Indian historian, Indologist, and polyglot (1904–1974)

Sondekoppa Srikanta Sastri (5 November 1904 – 10 May 1974) was an Indian historian, Indologist, and polyglot. He authored around 12 books, over two hundred articles, several monographs and book reviews over four decades in English, Kannada, Telugu and Sanskrit. These include "Sources of Karnataka History", "Geopolitics of India & Greater India", "Bharatiya Samskruthi" (a compendium on Indian culture and tradition) and "Hoysala Vastushilpa" (a study of temple architecture of the Hoysala period in Karnataka). S. Srikanta Sastri was a polyglot well versed in fourteen languages spanning Greek, Latin, Pali, Prakrit, Sanskrit and German among others. He was Head of the Department of History & Indology at Maharaja College, University of Mysore between 1940 and 1960. He was conferred the Kannada Literary Academy award in 1970 and was subsequently honoured by Governor of Karnataka Mohanlal Sukhadia in 1973 during mythic society diamond jubilee function.
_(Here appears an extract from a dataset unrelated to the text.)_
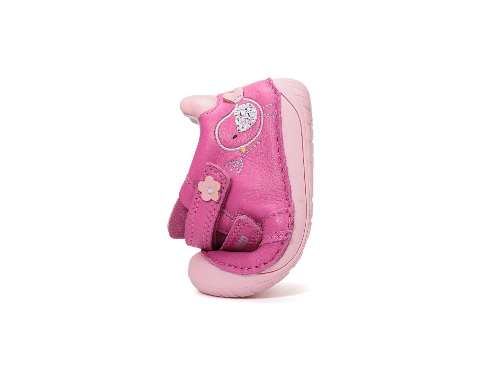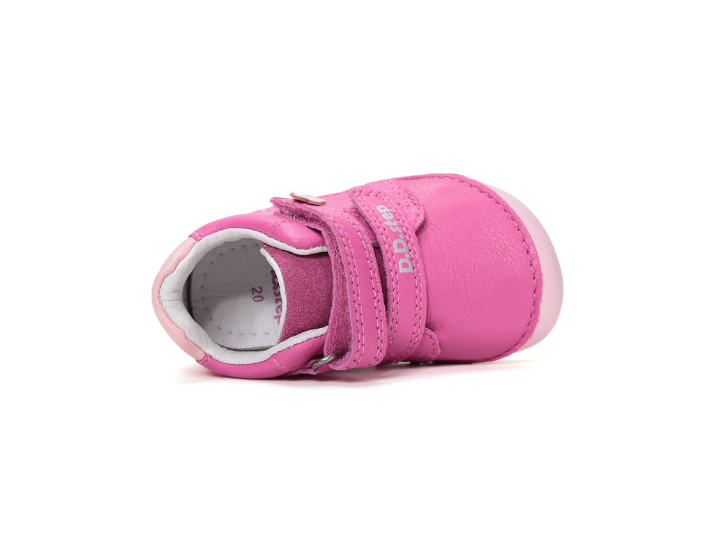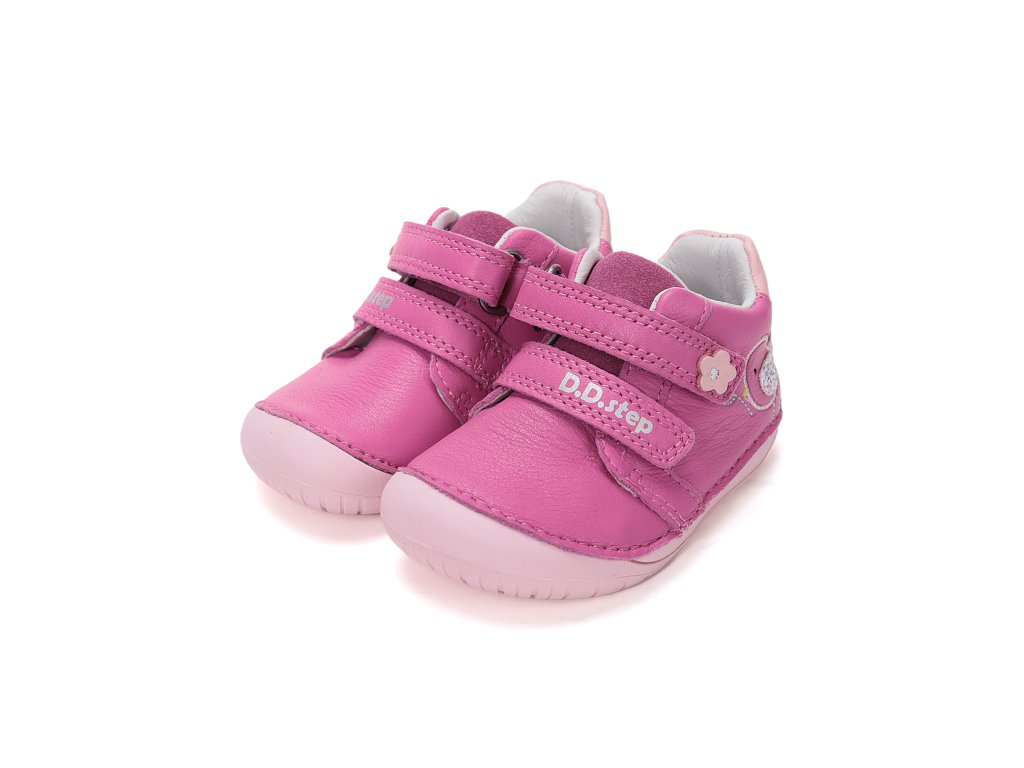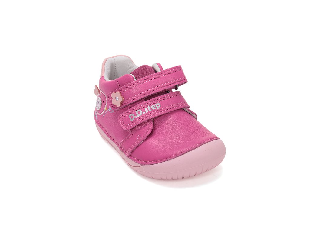 Detská kožená obuv-celorok, mäkká-flexibilná podrážka pre pohodlnú chôdzu a praktické zapínanie na suchý zips. Obuv je celokožená s koženou stielkou z mäkčenej kože najvyššej kvality aby bola pre deti maximálne pohodlná a je vyberateľná. Podrážka je lepená a aj šitá najmodernejšou 3D technológiou. Obuv D.D.Step je odľahčená, ohybná a pri prstoch širšia , bare foot obuv. Novinkou pri D.D.Step obuvi je podrážka so zmesou trstiny (vidieť ako jemné zrná vo farbe podrážky) pre ekologickejšiu výrobu a rozložiteľnosť pri recyklácií.

A Festschrift was brought forth and presented to him during his felicitation function in 1973 titled "Srikanthika" with articles on History and Indology by distinguished scholars. His work on Indus Valley civilization and town planning at Harappa and Mohenjodaro were published in successive articles and drew considerable attention. His articles on The Aryan Invasion theory, the date of Adi Sankaracharya, Oswald Spengler's view on Indian culture, Jaina epistemology, Proto-Vedic religion of Indus Valley Civilization and evolution of the Gandabherunda insignia remain relevant today.

==Ancestry==
S. Srikanta Sastri was born into the a Mulukanadu Brahmin family and a scholarly lineage. A paternal ancestor - Yagnapathi Bhatta was a famous court poet in the court of Kempegowda. His maternal ancestor Umamahesvara Sastri, a renowned court poet in the Vijayanagara Kingdom had earned the title of "Abhinava Kalidasa" for his work "Bhagavata Champu". His uncles - Vidwan Motaganahalli Mahadeva Sastri, Vidwan Shankara Sastri and Asthan Maha Vidwan Ramasesha Sastri were eminent court poets in the Mysore Palace. Vidwan Ramshesha Sastri was the first person to translate "Bhagavata" to Kannada from Sanskrit.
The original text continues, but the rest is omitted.